#### REQUIRED WORK
Begin at the line below that holds "首都圏の中古一戸建ての平均価" and end at the line that holds "斯巴魯BRZ的內(nèi)飾", transcribing each line exactly and skipping any picture.

#### DATA PROVIDED
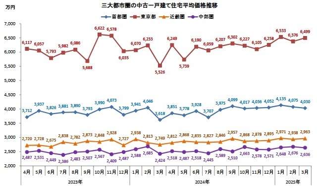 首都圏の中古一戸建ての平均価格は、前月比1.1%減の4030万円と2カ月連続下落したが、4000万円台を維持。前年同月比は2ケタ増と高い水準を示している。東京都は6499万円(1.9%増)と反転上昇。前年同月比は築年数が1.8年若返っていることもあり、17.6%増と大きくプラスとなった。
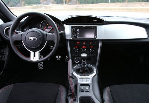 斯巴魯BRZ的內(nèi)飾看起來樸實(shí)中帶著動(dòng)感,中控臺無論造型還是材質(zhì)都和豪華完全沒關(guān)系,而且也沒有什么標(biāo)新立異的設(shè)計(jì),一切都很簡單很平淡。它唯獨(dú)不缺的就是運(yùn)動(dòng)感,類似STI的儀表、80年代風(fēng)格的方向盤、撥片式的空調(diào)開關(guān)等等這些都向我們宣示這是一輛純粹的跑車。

==

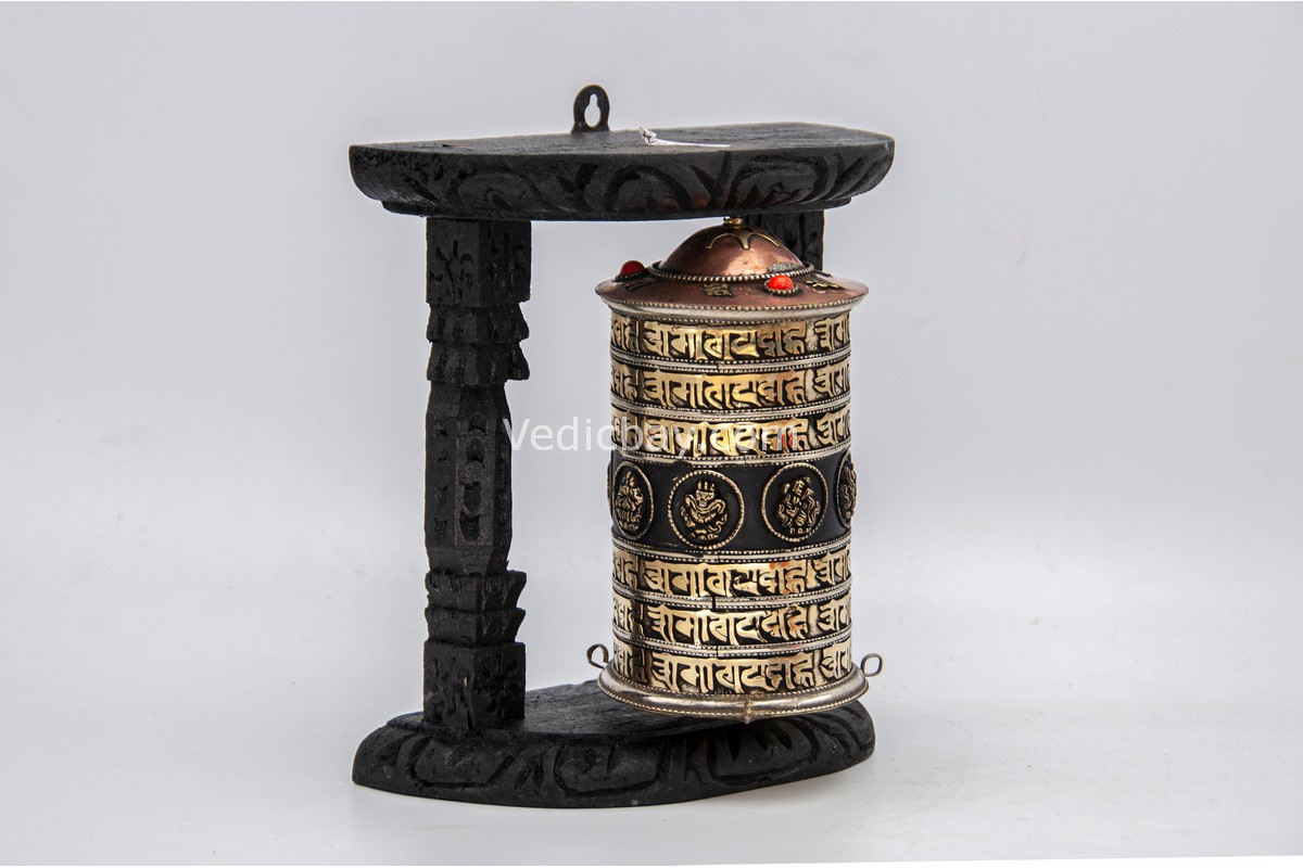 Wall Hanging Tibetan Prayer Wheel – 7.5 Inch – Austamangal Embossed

---

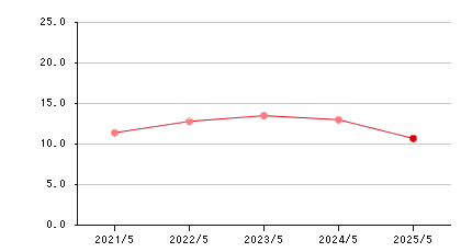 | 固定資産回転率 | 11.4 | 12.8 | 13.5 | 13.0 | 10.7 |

#### SOLUTION FOR THIS EXERCISE
 首都圏の中古一戸建ての平均価格は、前月比1.1%減の4030万円と2カ月連続下落したが、4000万円台を維持。前年同月比は2ケタ増と高い水準を示している。東京都は6499万円(1.9%増)と反転上昇。前年同月比は築年数が1.8年若返っていることもあり、17.6%増と大きくプラスとなった。
 斯巴魯BRZ的內(nèi)飾看起來樸實(shí)中帶著動(dòng)感,中控臺無論造型還是材質(zhì)都和豪華完全沒關(guān)系,而且也沒有什么標(biāo)新立異的設(shè)計(jì),一切都很簡單很平淡。它唯獨(dú)不缺的就是運(yùn)動(dòng)感,類似STI的儀表、80年代風(fēng)格的方向盤、撥片式的空調(diào)開關(guān)等等這些都向我們宣示這是一輛純粹的跑車。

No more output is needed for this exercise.